Le vulnerabilità Meltdown e Spectre riguardano gran parte dei processori prodotti nel corso degli ultimi 20 anni e per correggerle sarà necessario riprogettare le architetture di queste componenti; per il momento solo la distribuzione di apposite patch può rimediare parzialmente al problema, ma non senza pagare un costo in termini di prestazioni.
Ne sarebbe convinta la Casa di Redmond, secondo i cui esperti gli aggiornamenti per Meltdown e Spectre non potranno che rallentare i Pc; gli effetti potrebbero variare a seconda della CPU in uso o del sistema operativo di riferimento, ma per Microsoft la Intel sbaglierebbe a parlare di conseguenze marginali per le perfermance.

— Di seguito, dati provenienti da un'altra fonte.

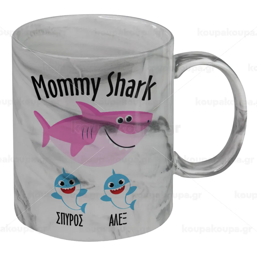Mommy Shark (με ονόματα παιδικά), Mug ceramic marble style, 330ml
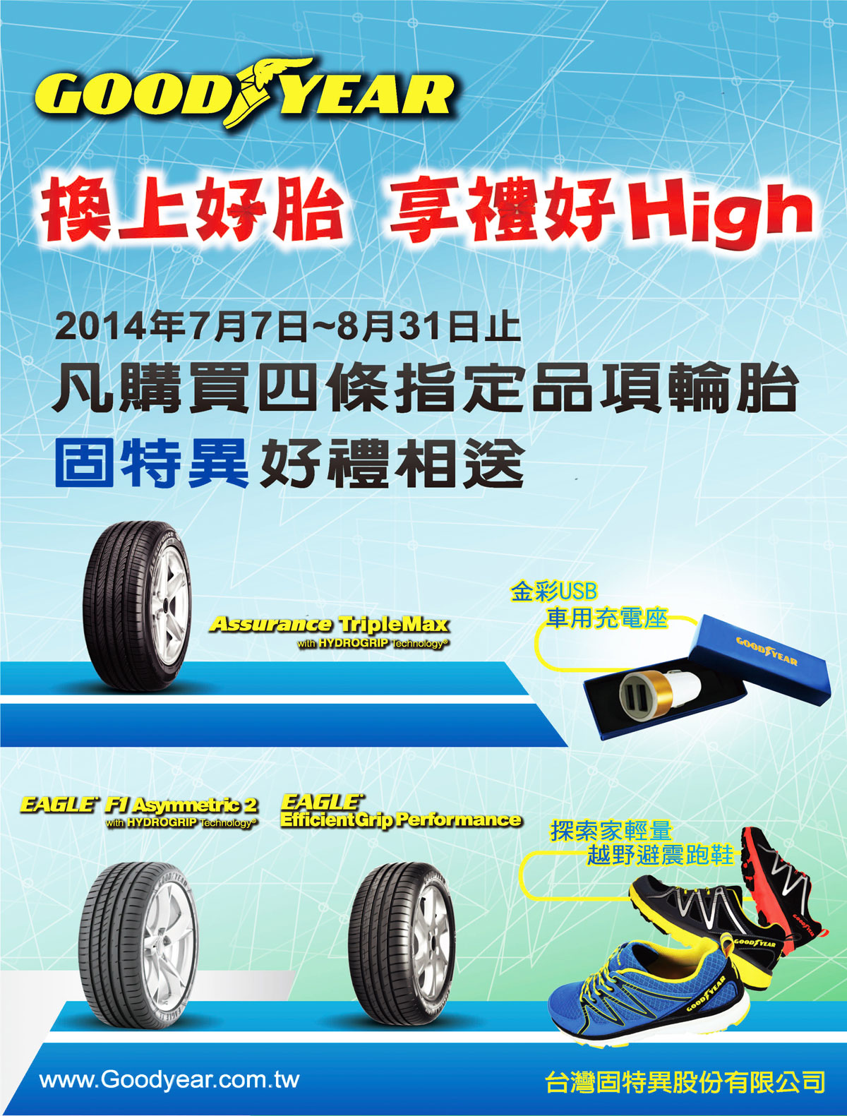 凡於活動期間,購買四條EAGLE F1 Asymmetric 2 或EAGLE EfficientGrip Performance 輪胎,即贈送固特異「探索家輕量越野避震跑鞋」免費兌換券乙張。購買四條Assurance TripleMax輪胎,即贈送固特異 「金彩車用USB充電器」乙個。最適合出遊的悠悠夏日,要玩得盡興又兼顧行車安全,就快至固特異全省經銷據點換上科技與安全都領先群輪的固特異輪胎!讓您真正換上好胎,享禮好High!

Stando a quanto riportato da Terry Myerson, uno dei responsabili della divisione che si occupa dell’implementazione di Windows, i computer meno penalizzati saranno quelli che integrano processori della gamma Skylake e quelli prodotti successivamente, in questo caso gli utilizzatori non dovrebbero osservare rallentamenti evidenti.
Diverso il discorso per le CPU più datate, come per esempio quelle appartenenti alla linea Haswell, un terminale dotato di tali componenti potrebbe risultare palesemente meno prestante. Tali effetti potrebbero poi risultare ancora più consistenti nel caso in cui si lavori con un computer che non presenta Windows 10 come piattaforma operativa.
I benchmark avrebbero infatti evidenziato un importante calo di prestazioni in macchine dotate di Windows 8.1 e Windows 7; le prospettive potrebbero poi essere ancora peggiori per le installazioni di Windows Server, un sistema che per sua natura è chiamato ad eseguire applicazioni e processi particolarmente avidi in termini di risorse.